| 要旨トップ | 目次 | | 日本生態学会第71回全国大会 (2024年3月、横浜) 講演要旨 ESJ71 Abstract |
一般講演(口頭発表) H02-09 (Oral presentation)
毎年、多くの鳥類が、地理的に離れた繁殖地と越冬地を往復する渡りを行う。近年、各地で渡り鳥が減少しており、減少に寄与する要因の解明が急がれている。街灯等の夜間の地上照明は、渡り鳥の減少に寄与するとして近年特に注目されている要因であるが、夜間渡り中の鳥類への地上照明の影響の程度が、環境要因や各種の行動特性・形態とどのように関連しているのかついてはわかっていない。
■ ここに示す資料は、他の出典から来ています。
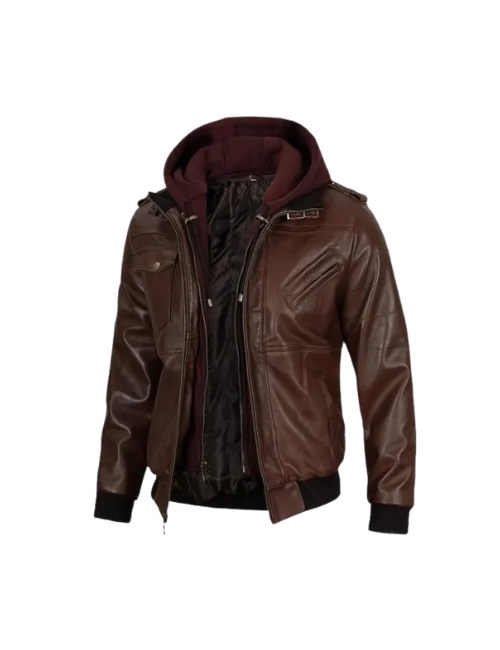 Dark Brown Hooded Leather Jacket For Men

本研究では、2021~2023年8~11月の夜間に、北海道と青森県の地上照明がある3地点(処理区)と地上照明がない/消灯している3地点(対照区)において、渡り鳥の行動を観察し、地上照明に対する改変行動の指標(旋回、迂回・減速、墜落)の有無を記録した。その結果、これらの改変行動の頻度は対照区よりも処理区で高いことが示された。また、処理区における渡り鳥の改変行動の有無と環境要因の関係を調べたところ、渡り鳥がいずれかの改変行動を示す確率は、日没からの時間が経過するほど、および新月に近い日ほど高く、曇天の日にも高くなる傾向があった。さらに、観察個体数の多かった24種について、地上照明に対する改変行動の程度と各種の飛翔モード(直線飛行・波状飛行)、体重、翼先指標の関係を調べたところ、体重、翼先指標の影響は小さかったが、直線飛行よりも波状飛行をする鳥類の方が地上照明の影響を受けやすいことがわかった。これは頭部が地面方向に頻繁に向く波状飛行の方が、夜間飛行中の視界に地上照明が入りやすく、視覚定位が乱されやすいためだと考えられた。これらの結果から、渡り鳥の夜間飛行への地上照明の影響の程度は、複数の環境要因および渡り鳥の行動特性とも関連することが明らかになった。本研究で得られた知見は、渡り鳥への影響が大きい日や条件時に一時的に消灯するといった従来よりも柔軟な保全策の実施に役立つかもしれない。